When I attempt to ping from the external network, I can trace the
traffic all the way to the tap interface on the compute node, where
the VM responds to the arp request sent by the tenant router (which is
on the separate network node). However, this arp reply never makes it
back to the tenant router. It seems to die at the GRE terminus at
bridge br-tun.
CAUSE:
* I have a three nics on my network node.

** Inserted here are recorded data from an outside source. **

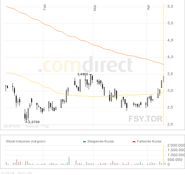 Relative Stärke zeigt seit einigen Tagen Forsys Metals. Hier sind eindeutig kanadische Käufe zu verzeichnen. Gelingt der Break über die 3,50 CAD, winken hier sogar schnell Kurse von 4 CAD!
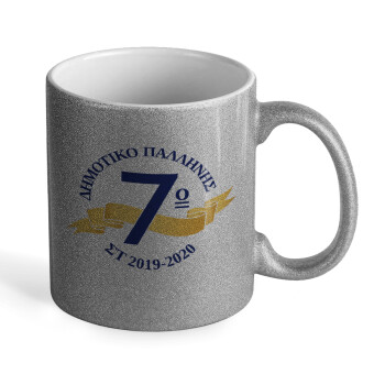 Σχολική μπλε με κορδέλα, Κούπα Ασημένια Glitter που γυαλίζει, κεραμική, 330ml
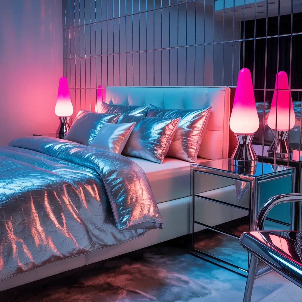 - Metallic and holographic furniture (to reflect the glow)

The VM traffic goes out the
1st nic on 192.168.239.99/24 to the other compute nodes, while
management traffic goes out the 2nd nic on 192.168.241.99. The 3rd nic
is external and has no IP.
* I have four GRE endpoints on the VM network, one at the network node
(192.168.239.99) and three on compute nodes
(192.168.239.{110,114,115}), all with IDs 2-5.
* I have a fifth GRE endpoint with id 1 to 192.168.241.99, the network
node's management interface, on each of the compute nodes. This was
the first tunnel created when I deployed the network node because that
is how I set the remote_ip in the ovs plugin ini. I corrected the
setting later, but the 192.168.241.99 endpoint persists:
mysql> select * from ovs_tunnel_endpoints;
+-----------------+----+
| ip_address | id |
+-----------------+----+
| 192.168.239.110 | 3 |
| 192.168.239.114 | 4 |
| 192.168.239.115 | 5 |
| 192.168.239.99 | 2 |
| 192.168.241.99 | 1 | <======== HERE
+-----------------+----+
5 rows in set (0.00 sec)
* Thus, after plugin restarts or reboots, this endpoint is re-created
every time.
* The effect is that traffic from the VM has two possible flows from
which to make a routing/switching decision. I was unable to determine
how this decision is made, but obviously this is not a working
configuration. Traffic the originates from the VM always seems to use
the correct flow initially, but traffic which originates from the
network node is never returned via the right flow unless the
connection has been active within the previous 1-2 minutes. In both
cases, successful connections timeout after 1-2 minutes of inactivity.
SOLUTION:
mysql> delete from ovs_tunnel_endpoints where id = 1;
Query OK, 1 row affected (0.00 sec)
mysql> select * from ovs_tunnel_endpoints;
+-----------------+----+
| ip_address | id |
+-----------------+----+
| 192.168.239.110 | 3 |
| 192.168.239.114 | 4 |
| 192.168.239.115 | 5 |
| 192.168.239.99 | 2 |
+-----------------+----+
4 rows in set (0.00 sec)
* After doing that, I simply restarted the quantum ovs agents on the
network and compute nodes. The old GRE tunnel is not re-created.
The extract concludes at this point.